Who needs NDAs most often:
- Startup founders discussing their business idea with potential co-founders, investors, or advisors
- Freelancers and consultants who get access to client customer data, pricing strategies, or proprietary processes
- Small business owners hiring contractors, employees, or vendors who’ll see sensitive information
- Anyone selling a business who needs to share financial records and operational details with potential buyers
- Inventors or creators showing their work to manufacturers, distributors, or collaborators
Common myths debunked:
- “My idea is so unique that an NDA will protect it completely” — NDAs protect information sharing, but they don’t stop someone from developing similar ideas independently
- “NDAs are only for big tech companies” — Any business with valuable information can benefit from NDAs
- “A handshake agreement is just as good” — Verbal agreements about confidentiality are nearly impossible to enforce
When you DON’T need an NDA:
Skip the paperwork if you’re only sharing information that’s already public, if you’re talking to established investors who typically won’t sign NDAs during initial pitches, or if the information isn’t actually valuable or sensitive. Don’t waste time making your barista sign an NDA because you’re working on your laptop in their coffee shop.

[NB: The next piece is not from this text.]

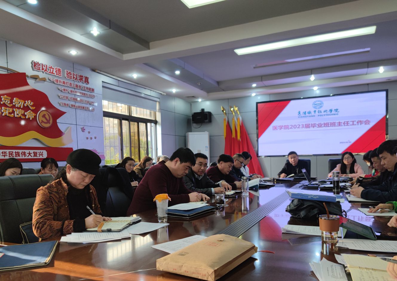近日,医学院在仁德楼三楼会议室召开2023届毕业班班主任工作会,会议由学工科科长栗财主持,医学院各相关科室部门负责人和全体毕业班班主任参加本次会议。

Why It Matters for Your Business
Legal protection that actually works:
An NDA gives you legal grounds to sue for damages if someone shares your confidential information. More importantly, it often prevents problems before they start — most people take confidentiality more seriously when they’ve signed a legal document about it.
NDAs protect specific types of information: customer lists, pricing strategies, manufacturing processes, financial data, marketing plans, software code, and business strategies. They don’t protect general business concepts, publicly available information, or ideas the other party already knew.
Business credibility benefits:
Using NDAs shows you’re professional and that your information has real value. Investors, partners, and contractors expect startups and growing businesses to protect their confidential information properly.
Tax implications:
NDAs themselves don’t create tax obligations, but they often relate to business activities that do. If you’re paying someone who signs an NDA as a contractor rather than an employee, you’ll need their tax information for 1099 reporting.
What happens without one:
If someone shares your confidential information and you don’t have an NDA, your legal options are extremely limited. You might have a case for trade secret theft, but that’s much harder to prove and more expensive to pursue than an NDA violation.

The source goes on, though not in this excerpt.